Police chief Michael Mann says Alois' boss, Lt. Scott Tabel, was "basically let go" because of this investigation. Tabel -- now employed as a police officer with the Palm Springs School District-- claims he "retired" after 21 years with the Coconut Creek PD, rather than being forced out due to Alois' actions while under his supervision.

In fact, Tabel spins it the other way. He claims Mann was apprised of Alois' lousy work back in 2011, but that the Chief "didn't want to do anything about it." Other statements gathered by The Florida Bulldog back up this assertion.
Biondolillo testified that he ordered a full IA investigation, but said it was “countermanded” by Chief Mann. Instead, Mann asked the city’s Human Resources department to handle it administratively, he said.

Biondolillo testified that wasn’t the first time Mann had countermanded him regarding the need to investigate Alois.
He said that on two previous occasions Drug Enforcement Administration agents had visited him and Mann to inform them of evidence they’d found that Alois was a patient at pain clinics under surveillance as suspected pill mills.
Whatever the truth is, it still looks bad for the police department. Alois, apparently abusing drugs during her years as an SVU detective, has been allowed to walk away with her professional reputation pretty much intact. Her record will only show a dismissal for a single failure to write a report -- a burglary report at that, rather than anything linked to her neglect of children abused by adults, or seniors abused by children and assisted living personnel. If she's so inclined, she'll probably be able to secure another position in the law enforcement field, which has proven willing to launder bad cops.

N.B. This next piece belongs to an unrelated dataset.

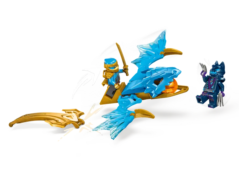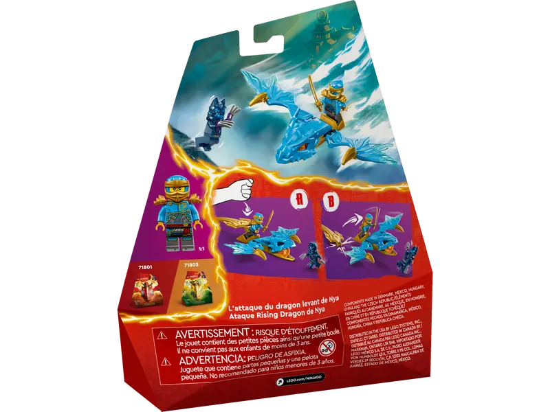 Boys and girls aged 6 and up can recreate action-packed scenes from season 2 of the NINJAGO® Dragons Rising TV show with Nya’s Rising Dragon Strike (71802) ninja playset. Kids will be excited to build the first-ever LEGO® NINJAGO dragon action toybefore they slam down the dragon’s golden tail and watch as it bursts into action. This building set comes with 2 minifigures: Rising Dragon Nya, who comes with a katana sword accessory and can ride on the dragon model, and a Wolf Mask Claw Warrior wit h claws. Kids can stage epic battles between the ninja figures to win the orange dragon power element from inside the blue dragon’s posable mouth. The rest of the LEGO NINJAGO range of buildable ninja toys for kids includes mechs, vehicles and temples so fans can role-play adventures with their heroes (sets sold separately). Each fantasy toy can be created with the LEGO Builder app, which guides you and your child on an easy and intuitive building adventure. Action-packed dragon toy for kids – Boys and girls aged 6 and up can play out battles from season 2 of the NINJAGO® Dragons Rising TV show with Nya’s Rising Dragon Strike gliding dragon toy Ninja action toy – Kids can place Rising Dragon Nya onthe back of the blue dragon toy, slam down its golden tail and launch them both forward 2 LEGO® NINJAGO® minifigures – This ninja playset features a Nya minifigure armed with a mini katana sword accessory so kids can role-play clashes with a Wolf Mask Claw Warrior Dragon power element – Blue dragon fantasy toy includes an orange dragon power element in its mouth Ninja gift – LEGO® NINJAGO® set provides a fun build-and-play experience and is a gift idea for kids who deserve an unexpected treat Bigger ninja adventures – Look out for more LEGO® NINJAGO® toys (sets sold separately) to stage races between them A universe of ninja toys for kids – LEGO® NINJAGO® sets include mechs, vehicles and temples, and let kids escape into a fantasy worldof adventure with their ninja heroes Measurements – This 26-piece LEGO® building toy includes a dragon action toy measuring over 1 in. (2 cm) high, 7 in. (18 cm) long and 7 in. (18 cm) wide

As for Chief Mann, he's also been cleared of any wrongdoing in this investigation. As the person ultimately responsible for Alois' failure (and her single count of misconduct), he bears some of this burden… or would if anyone was willing to hold him accountable. But it appears he'll also emerge from this unscathed. The only thing left to salvage is the PD's reputation, but those who are trying to do so appear to be stymied by those higher on the food chain: Chief Mann, the state's attorney and the police union. Because of this, future misconduct will be allowed to continue for far too long and the repercussions will be far too mild to encourage better behavior. And those wondering why good cops don't do something about the bad apples in their midst will have their depressing answer: the system protects its own, especially its worst-behaving insiders.